Lima di antaranya adalah yang saat ini menjabat sebagai pimpinan KPK. Kelebihan cara ini adalah akan menghemat waktu dan biaya. Karena presiden tidak perlu lagi membentuk pansel yang akan melakukan proses seleksi dari tahap awal hingga akhir.Kemudian, dari sisi biaya, sistem ini akan menekan biaya seleksi yang dapat mencapai miliaran rupiah. Namun, ada risikonya, yakni lima orang mantan capim KPK tersebut bisa jadi tidak lagi memenuhi standar persyaratan pimpinan KPK. Karena, dalam rentang waktu lebih kurang 1,3 tahun (terhitung dari Desember 2007), tidak ada yang memonitor track record kelima mantan capim KPK tersebut.
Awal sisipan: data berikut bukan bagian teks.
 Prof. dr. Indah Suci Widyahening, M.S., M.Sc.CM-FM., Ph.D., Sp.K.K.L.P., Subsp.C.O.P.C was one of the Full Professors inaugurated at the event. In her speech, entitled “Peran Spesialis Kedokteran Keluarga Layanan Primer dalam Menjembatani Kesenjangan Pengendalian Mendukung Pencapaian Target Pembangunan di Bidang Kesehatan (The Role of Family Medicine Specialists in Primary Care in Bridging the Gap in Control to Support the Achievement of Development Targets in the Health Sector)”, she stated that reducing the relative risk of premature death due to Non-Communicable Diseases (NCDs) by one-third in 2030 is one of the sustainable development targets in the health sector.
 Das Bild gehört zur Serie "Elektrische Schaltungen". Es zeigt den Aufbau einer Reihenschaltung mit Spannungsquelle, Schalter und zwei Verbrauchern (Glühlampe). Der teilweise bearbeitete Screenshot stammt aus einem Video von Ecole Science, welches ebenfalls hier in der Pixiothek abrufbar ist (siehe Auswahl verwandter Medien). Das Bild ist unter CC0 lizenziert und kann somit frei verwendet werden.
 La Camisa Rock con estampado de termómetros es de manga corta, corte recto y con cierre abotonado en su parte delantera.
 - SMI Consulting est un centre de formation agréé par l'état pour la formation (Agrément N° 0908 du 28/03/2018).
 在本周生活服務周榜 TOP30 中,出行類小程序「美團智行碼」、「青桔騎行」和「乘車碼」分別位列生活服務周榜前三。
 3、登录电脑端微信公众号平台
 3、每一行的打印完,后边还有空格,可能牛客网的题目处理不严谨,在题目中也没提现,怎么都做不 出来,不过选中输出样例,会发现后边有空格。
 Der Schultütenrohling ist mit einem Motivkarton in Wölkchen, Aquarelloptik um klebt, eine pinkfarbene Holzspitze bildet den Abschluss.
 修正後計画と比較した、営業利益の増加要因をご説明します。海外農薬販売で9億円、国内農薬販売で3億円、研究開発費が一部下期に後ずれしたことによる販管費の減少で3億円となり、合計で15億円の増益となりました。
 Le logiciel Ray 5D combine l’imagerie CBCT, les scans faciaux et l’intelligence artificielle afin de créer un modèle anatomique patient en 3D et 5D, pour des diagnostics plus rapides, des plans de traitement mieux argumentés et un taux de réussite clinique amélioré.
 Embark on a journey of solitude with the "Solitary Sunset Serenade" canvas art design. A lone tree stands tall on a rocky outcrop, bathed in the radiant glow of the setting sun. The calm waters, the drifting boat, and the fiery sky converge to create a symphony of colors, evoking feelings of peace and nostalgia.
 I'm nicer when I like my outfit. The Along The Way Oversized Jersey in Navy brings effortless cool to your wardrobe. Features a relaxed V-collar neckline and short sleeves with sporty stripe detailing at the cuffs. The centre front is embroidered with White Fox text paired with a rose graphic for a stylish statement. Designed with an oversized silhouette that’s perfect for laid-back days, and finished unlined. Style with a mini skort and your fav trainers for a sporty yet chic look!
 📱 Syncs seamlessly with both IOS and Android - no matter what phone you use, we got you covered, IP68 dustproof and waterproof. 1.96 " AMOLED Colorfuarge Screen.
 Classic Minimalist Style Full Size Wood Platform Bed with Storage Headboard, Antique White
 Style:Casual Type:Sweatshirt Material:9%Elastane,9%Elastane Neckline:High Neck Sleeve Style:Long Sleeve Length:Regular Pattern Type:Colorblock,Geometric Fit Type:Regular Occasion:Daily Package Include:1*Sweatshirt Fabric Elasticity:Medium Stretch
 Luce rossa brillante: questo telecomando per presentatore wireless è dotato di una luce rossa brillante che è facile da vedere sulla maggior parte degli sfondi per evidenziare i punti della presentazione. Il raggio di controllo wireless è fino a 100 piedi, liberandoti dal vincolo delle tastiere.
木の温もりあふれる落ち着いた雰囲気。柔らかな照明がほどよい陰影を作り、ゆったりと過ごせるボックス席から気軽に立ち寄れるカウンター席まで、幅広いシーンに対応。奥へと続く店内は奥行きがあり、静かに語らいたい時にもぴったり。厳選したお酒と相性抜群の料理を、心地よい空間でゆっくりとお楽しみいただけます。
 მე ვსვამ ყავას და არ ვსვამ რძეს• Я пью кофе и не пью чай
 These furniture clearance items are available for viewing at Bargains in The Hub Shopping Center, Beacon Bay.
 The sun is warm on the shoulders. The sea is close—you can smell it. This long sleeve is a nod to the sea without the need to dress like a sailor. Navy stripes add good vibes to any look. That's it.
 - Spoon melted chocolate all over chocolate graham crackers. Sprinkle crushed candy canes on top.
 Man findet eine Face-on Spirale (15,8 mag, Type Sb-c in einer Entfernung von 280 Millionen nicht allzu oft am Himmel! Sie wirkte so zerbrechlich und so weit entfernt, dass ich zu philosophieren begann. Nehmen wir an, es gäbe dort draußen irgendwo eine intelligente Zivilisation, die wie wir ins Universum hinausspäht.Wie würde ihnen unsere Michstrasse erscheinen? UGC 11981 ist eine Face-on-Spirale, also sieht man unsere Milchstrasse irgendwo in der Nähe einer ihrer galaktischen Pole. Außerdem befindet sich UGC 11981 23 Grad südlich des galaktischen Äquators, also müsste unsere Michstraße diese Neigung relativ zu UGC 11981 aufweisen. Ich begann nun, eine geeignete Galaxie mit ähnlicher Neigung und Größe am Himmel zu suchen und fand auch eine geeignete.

Sehingga, apabila dipaksakan, akan membuka peluang timbulnya risiko, baik yang berhubungan dengan kinerja maupun integritas.

Cara kedua, presiden melakukan seleksi untuk memilih calon pimpinan KPK yang baru yang akan diajukan kepada DPR. Jika cara ini yang ditempuh, Presiden harus membentuk pansel yang terdiri atas unsur pemerintah dan masyarakat. Pansel inilah yang akan melaksanakan proses seleksi. Kelebihan cara ini adalah presiden benar-benar dapat memastikan bahwa calon yang akan diajukan layak secara integritas, kredibilitas, dan kinerja. Kelemahannya, cara ini akan memakan waktu yang lama dan membutuhkan biaya yang cukup besar.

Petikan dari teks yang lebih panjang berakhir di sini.